Namun, sebelum ditetapkan sebagai anggota legislatif terpilih, Nazarudin Kiemas meninggal dunia. Anehnya, Harun yang menduduki urutan keenam justru diajukan PDI-P menggantikan Nazaruddin.
Padahal, mestinya kursi Nazarudin digantikan oleh calon anggota legislatif (caleg) yang mendapat suara terbanyak kedua yakni Riezky Aprilia.
Belakangan, terungkap bahwa Harun menyuap Wahyu Setiawan Rp 600 juta untuk bisa menjadi anggota dewan.
Baca juga: Polri Sebut Bisa Saja Harun Masiku Berada di Luar Negeri jika Ubah Identitas
Begitu kasus ini mencuat, perhatian publik juga tertuju ke PDI-P, partai politik tempat Harun bernaung. Sekretaris Jenderal (Sekjen) PDI-P Hasto Kristiyanto mengakui, partainya merekomendasikan nama Harun untuk menggantikan Nazarudin Kiemas sebagai anggota legislatif pada Pemilu 2019 melalui proses pergantian antarwaktu (PAW).
"Dia (Harun Masiku) sosok yang bersih. Kemudian, di dalam upaya pembinaan hukum selama ini cukup baik ya track record-nya," kata Hasto ketika dijumpai wartawan di Jakarta International Expo, Kemayoran, Jakarta, Kamis (9/1/2020).
Berdasarkan Putusan Mahkamah Agung (MA) Nomor 57 P/HUM/2019, lanjut Hasto, partainya memiliki kewenangan menentukan pengganti anggota legislatif terpilih yang meninggal dunia. Hasto mengaku, dalam merekomendasikan nama Harun, PDI-P berpegang pada aturan tersebut.
"Proses penggantian itu kan ada keputusan dari Mahkamah Agung.

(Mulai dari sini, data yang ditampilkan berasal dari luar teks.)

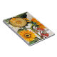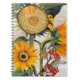 Orange-yellow sunflowers painted at various angles, with one going to seed, an artistic idea for any flower lover gardener. > Gorgeous print of a sunflower watercolor painting by artist, Harriet Brock. > Customisable: Add your own custom name or text.

Ketika seorang caleg meninggal dunia, karena peserta pemilu adalah partai politik, maka putusan MA menyerahkan hal tersebut (pengganti) kepada partai," ujarnya.
Ketua KPU saat itu, Arief Budiman mengungkap, PDI-P tiga kali mengirimkan surat permohonan ke KPU untuk memuluskan Harun Masiku jadi anggota DPR pengganti Nazarudin Kiemas.
"Jadi KPU menerima surat dari DPP PDI Perjuangan sebanyak tiga kali. Surat pertama, terkait putusan atau permohonan pelaksanaan putusan Mahkamah Agung (MA), (surat ini) tertanggal 26 Agustus 2019," ujar Arief saat jumpa pers di Kantor KPU, Menteng, Jakarta Pusat, Jumat (10/1/2020).
Berdasarkan putusan MA pada 19 Juli 2019 itu, PDI-P selaku partai pengusung merupakan penentu suara dan pengganti antar-waktu. Putusan MA inilah yang menjadi dasar bagi PDI-P berkirim surat ke KPU agar Harun Masiku ditetapkan sebagai pengganti Nazaruddin.
Menurut Arief, atas surat pertama ini, KPU sudah menjawab dengan menyatakan tidak dapat menjalankan putusan MA itu.
Sementara, surat kedua tertanggal 13 September 2019 dikirimkan PDI-P pada 27 September 2019. Surat itu berupa permintaan fatwa ke MA yang ditembuskan ke KPU.
Oleh karena surat tersebut berupa tembusan, KPU memutuskan tidak memberikan balasan.
Baca juga: Polri Pastikan Harun Masiku Masih Warga Negara Indonesia
"Kemudian, MA mengeluarkan surat atau fatwa tertanggal 23 September 2019. Nah berdasarkan surat atau fatwa MA ini, DPP PDI Perjuangan mengirimkan permohonan lagi kepada KPU dengan surat tertanggal 6 Desember 2019 yang diterima oleh KPU pada 18 Desember 2019," ujar Arief.
Surat inilah yang disebut KPU sebagai surat ketiga dari DPP PDI Perjuangan. Surat ketiga itu dijawab KPU pada 7 Januari 2020 yang isinya kurang lebih sama dengan balasan untuk surat pertama.